MultiHeadAttention¶

Defined in fynance.models.attention

class MultiHeadAttention(d_model, num_heads, dropout=0.0)[source]

Bases: Module

Multi-Head Self-Attention.

Building block of the Transformer architecture (Vaswani et al., 2017). Each attention head learns to attend to a different subspace of the input — useful when several types of dependency coexist in a sequence, e.g. short-term and long-term momentum. Outputs of the heads are concatenated and projected back through w_o; residual connection plus layer norm stabilize training.

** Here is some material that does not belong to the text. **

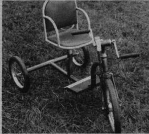 Pedal powered wheelchair MISCELLANEOUS EQUIPMENT Handicapped Equipment 9-6-35 This pedal-powered wheelchair was built by Handicap Mobility, Inc., a custom shop in Carter Lake, Iowa that builds specialty equipment for the disabled. The pedaled wheelchair was built for Terri Sopcich, of Omaha, Nebraska, a 10-year-old who has suffered from severe lateral curvature of the spine ù or scoliosis ù since infancy. The special built chair lets her move easily to and from school, steering and pedaling with her hands. Todd Bequette of Handicap Mobility, Inc., who designed the chair, says it's difficult for a young girl to keep up with classmates in a conventional wheelchair. For more information on the pedal chair, or other specialty equipment or conversions, contact: FARM SHOW Followup, Handicap Mobility, Inc., 511 E. Locust, Carter Lake, Iowa 51510 (ph 712 347-6666).

For finance-specific use, this layer is typically stacked with a feed-forward sublayer to form a Transformer encoder block applied to a return / order-book sequence.

Splits the input into num_heads heads, applies ScaledDotProductAttention in parallel, then re-projects. A residual connection and layer norm are applied.

Parameters:

d_modelint: Model dimension (must be divisible by num_heads).
num_headsint: Number of attention heads.
dropoutfloat, optional: Dropout on attention weights and output projection, default 0.

Examples

>>> import torch
>>> mha = MultiHeadAttention(64, 4)
>>> x = torch.randn(2, 10, 64)
>>> out, attn = mha(x)
>>> out.shape
torch.Size([2, 10, 64])
>>> attn.shape
torch.Size([2, 4, 10, 10])

forward(x, mask=None)[source]

Forward pass.

Parameters:

xtorch.Tensor: Input of shape (B, T, d_model).
masktorch.Tensor, optional: Attention mask of shape (B, 1, T, T) or (B, T, T).

Returns:

torch.Tensor: Output of shape (B, T, d_model).
torch.Tensor: Averaged attention weights of shape (B, num_heads, T, T).